Storage backends

kassette saves each run in a journal. kassette supports both writing to a filesystem or to an object store using either LocalStorage or RemoteStorage. In some cases, you might even need to implement custom storage using the Storage interface.

Picking a backend

The choice of storage backend should be determined by where the run can resume rather than performance. That’s because in kassette’s agentic workload — 10-100 sequential turns dominated by LLMs, tools, humans, webhooks, or timeouts, with small storage needs — neither storage throughput nor latency will be your bottleneck. For more on what kassette was designed for, see Why kassette.

ScenarioBackend
Same machine recovers the run that started it?YesLocalStorage
Different machine, region, or runtime needs to resume?YesRemoteStorage (S3, R2, GCS)
Running on serverless (Lambda, Workers, Cloud Run jobs)?YesRemoteStorage
Running on persistent infra (long-lived boxes, CI runners with a persistent volume)?EitherLocalStorage preferred

For large entries, hundreds of steps, or journals that grow into multiple gigabytes, prefer LocalStorage when possible.

LocalStorage

new LocalStorage(dir: string)

Writes a JSONL file per run to a directory on disk: {dir}/{runId}.jsonl.

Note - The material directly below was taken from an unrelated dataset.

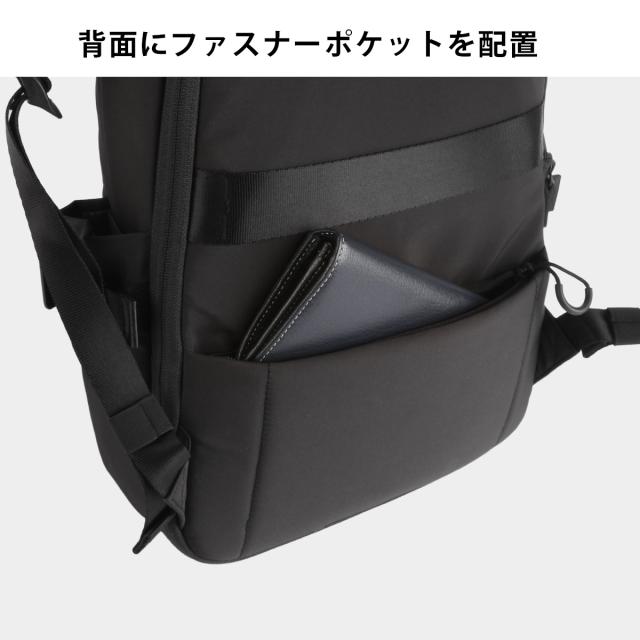 背面にファスナーポケットを1ヵ所配置。長財布がしっかり収まるサイズ感です。

Atomic appends. Each entry is a single write() plus fsync() as one buffer so we never have torn writes.

Single-writer fencing. A spanning lockfile per runId ({dir}/{runId}.lock) created with atomic link(2). PID-based stale detection will allow the next process reclaim a lock from a dead writer. The start entry itself is fenced before the lock span begins, so a process reclaiming a stale lock cannot open a session at a number that has already been superseded. The lock is held from start through the terminal entry so that no other process can write to the journal during a session.

Scope. Use LocalStorage when the next process can read the same directory and share the same lock semantics. (The important bit being that the lock uses local PID checks.)

Performance. Each append is an O(1) op because it writes only the new entry and fsyncs it. The journal size mostly does not change the append cost which is determined by your disk and filesystem. This is the backend to use when the retrying process can read the same persistent filesystem. (It can handle very large journals.)

RemoteStorage

new RemoteStorage(client: ObjectStoreClient, options?: { prefix?: string })

Writes each run as a single object in S3-compatible storage: {prefix}/{runId}.jsonl. Use with @usekassette/s3 for AWS S3, Cloudflare R2, and any other service that is S3-compatible.

Atomic appends. PutObject is atomic by its contract and each write is the full journal as one object.

Single-writer fencing. Conditional PutObject with If-Match: <etag> on the previous object’s etag. A writer that loses the CAS race will re-read the journal and retry. If the re-read shows a higher session number, the writer throws FencedError. Two sessions can briefly coexist, but the older is fenced on its next append. At most one orphaned step may execute before the fence. For the full CAS and fencing design, see Object storage design.

Required backend semantics. Read-after-write consistency with conditional writes (If-Match and If-None-Match). S3, R2, and GCS qualify. Eventually-consistent or CDN-fronted stores break fencing. Two writers can pass the same conditional check against a stale etag and both commit, defeating the single-writer invariant.

Performance. Each append reads the current object and uploads the whole journal with the additional entry line. That makes recovery cheap since readAll is a single GetObject request, but the write cost will grow as the journal does. Total uploaded bytes across a run will end up as O(N²). Write amplification is generally not a problem in agentic workflows.

Custom backends

interface Storage {
  append(runId: string, entry: Entry): Promise<number>;
  readAll(runId: string): Promise<JournalEntry[]>;
  list(): Promise<string[]>;
}

There’s a very small contract to implement if you want to support a different remote backend that is not S3-compatible. For S3-compatible stores beyond what @usekassette/s3 ships, implement ObjectStoreClient and pass it to RemoteStorage. The interface signatures and full semantics live in Reference.

A correct implementation of append needs to be atomic, assign a monotonically increasing offset, and reject writes from superseded sessions by throwing a FencedError. readAll should return every entry in append order. list returns every runId present in storage.

Retention

Neither of the two storage backends does any cleanup. Settled work stays settled so storage will always grow across runs. See Operations for cleanup mechanics, eg, S3 lifecycle policies for RemoteStorage or a cron that sweeps for LocalStorage.